I was fortunate to read a free ARC of GRAYALITY after volunteering to review it and went in with no idea of how much I’d love this book. I never expected to identify so deeply with Pate. There were several times when I just wanted to hug him. Even the references to his anxiety feel cathartic rather than triggering. I appreciated Oakley’s story, as I feel it’s just as relevant and needs to be told. Stormy was a good example of how not everyone in a rural town is a bigot. I adore Jody and like the body positivity around Maybelle despite not liking her character. There’re too many people in the world like Bullet, so no problem with believability there.
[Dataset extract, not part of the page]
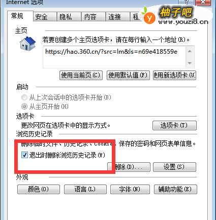 3在Internet选项设置界面,常规选项中,勾选退出时删除浏览记录,如图

The entire book flows well and manages to be an easy read even with the heavy subject matter. It’s so good that I started rereading it the day I finished. It’s been years since I’ve found a book I can connect with, but GRAYALITY has jumped into my top 10 favorite books of any genre. I’d recommend it to anyone who’s ever struggled with their identity or been unfairly judged by society. I’ll be purchasing this book and reading it more than a few times, I’m sure. My only complaint doesn’t pertain to the story itself, but I wish I could have a physical copy in addition to the digital. There are multiple quotable passages of axiomatic wisdom and relatable statements. I found myself highlighting something nearly every chapter. I hope Carey continues to write more books as moving as GRAYALITY. I’ll be waiting to read them.

Goodreads Reader Review

An engaging queer love story of confusion, courage, and self-realization.

In this romance, a young transgender man negotiates his new identity in hopes of finding self-acceptance and love in Montana. Pate Boone is “twenty-six years old and going nowhere” when he leaves his suburban Georgia home and heads to small-town Montana to stay with his old friend Oakley’s grandmother. Oakley had been Pate’s first lover, back in high school when he was called Patricia, in the days before his transition into his male identity. Oakley and his dad had taken Pate in when his parents rejected him, and the two have remained close friends. When Oakley’s Granny needs help following a double mastectomy, Montana seems like the perfect place for Pate to escape the ghost of Patricia and figure out how to navigate the world in a body that only partly affirms his masculine self. After enrolling in the local college, he is thrilled when his first flirty encounter with a student named Maybelle develops into a real dating relationship. There are only two drawbacks: Maybelle has a violently jealous ex, and she doesn’t know that Pate wasn’t assigned a male gender at birth. Things become even more complicated when the solidly heterosexual Oakley finds himself powerfully attracted to Jody, a proud, gay drag queen, leading him to question if he’s really as straight as he thinks he is. PW recounts this deeply personal narrative from both Pate’s and Oakley’s points of view, flipping back and forth from one to the other as the two protagonists trace their separate but linked journeys of self-discovery. Numerous trans issues, such as Pate’s “years of sacrifice and slaving away to scrape together enough funds to pay for my hormones and, eventually, my top surgery”; the suicidal ideation and depression that are side effects of his testosterone injections; and the multiple complications of being a man with a vagina, are woven into a romantic narrative of young love. Pate’s lack of honesty in his relationship with Maybelle is disturbing, if understandable, but the love stories play out with suspenseful tenderness, and the characters’ struggles to come out as “fully human” are persuasive and poignant.